# Airport strikes.



## JohnBoy (Oct 25, 2009)

This from the UK Gov website:

Portugal travel advice
08-08-2017 09:09 AM GMT
Latest update: Summary - planned strike action by Portuguese immigration officers on 24 and 25 August 2017 may cause delays. If you are travelling on these days, allow for additional time to clear border controls when entering and exiting Portugal.

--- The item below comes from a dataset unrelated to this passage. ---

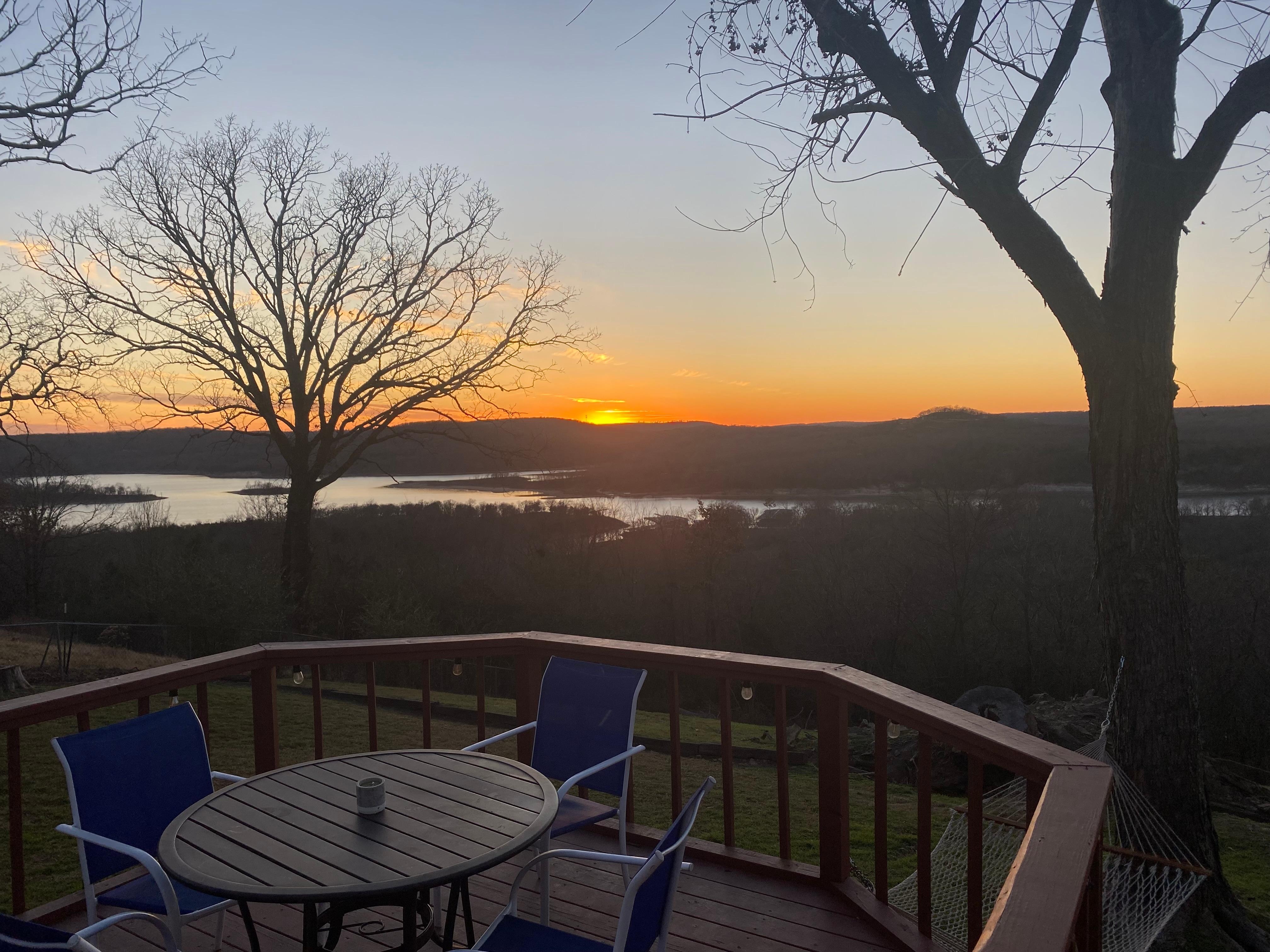 BEAUTIFUL LAKE VIEW RETREAT “SUNSET OASIS!” Enjoy magical evenings watching the gorgeous sunsets reflecting Lake Tenkiller at Sunset Oasis! Newly renovated and sits on top of Pettit Bay Mountain — Lake Tenkiller in the foothills of the Ozark’s. Perfect for romantic weekend getaways, family get togethers, bird (bluebirders) & wildlife observation, fishing trips, etc. Located less than a mile from entrance to Pettit Bay Recreation Area and the new Bluewater Bay Marina. NEW OWNERSHIP. Amazing view on top of PETTIT BAY MOUNTAIN! This spacious 2000 sq. ft. lake-view getaway open floor plan with two living areas and separate dining room is perfect for families and easily sleeps 10 with plenty of room to spare. The master bedroom suite with new linens & bedding has a queen-size bed, shower and soaker tub; the second bedroom has a queen-size bed and the third bedroom has two twin bunk beds. There are two queen-size pullout couches, one in the living room and the other in the family room. The dining area has a kitchen table that seats 8 with an additional 3 bar stools at the counter. There is plenty of room to set up the 6-foot folding table and chairs that are provided should you need additional seating. From the family room & kitchen you can view Lake Tenkiller and the amazing sunsets through the two large picture windows or you can venture out onto the 600 square ft deck to take in the beautiful views. The deck has two round tables with seating, two rocking chairs and additional lounging chairs in shed. Casey our property manager has the keys. Additional amenities include a fire pit, family games, a covered car port for your vehicles or boat and a small screened in porch to store your wet gear from a day on the water. New GRILL to enjoy delicious BBQ. Access to Lake Tenkiller is less than a mile away at Pettit Bay Recreation Area and Bluewater Bay Marina. Tahlequah is only 15 minutes away if you are looking for additional things to do or places to eat. If you love the outdoors, fishing, bird watching and wildlife and want to get away from the hustle and bustle of city living for a day or a month then this is the place for you.

Good timing, especially along with the cabin crew strike by BA!


----------



## Captainbeaky (Feb 13, 2016)

And with the wind induced delays and cancellations at Madeira!


----------



## Andyyfb (Jul 13, 2015)

The strike is a pain in the best feature for anyone traveling, however it's one I fully support first of all the right to strike is a basic human right, the Union is asking the border agency to increase staffing levels in order to maintain security at a decent level, they have also lost the power to check on known criminals, it's our security they are trying to protect.


----------



## JohnBoy (Oct 25, 2009)

Andyyfb said:


> The strike is a pain in the best feature for anyone traveling, however it's one I fully support first of all the right to strike is a basic human right, the Union is asking the border agency to increase staffing levels in order to maintain security at a decent level, they have also lost the power to check on known criminals, it's our security they are trying to protect.


I wasn't trying to score political points Andy. Just trying to warn everyone of potential delays.

Anyway, it doesn't matter now as the strike has just been called off.


----------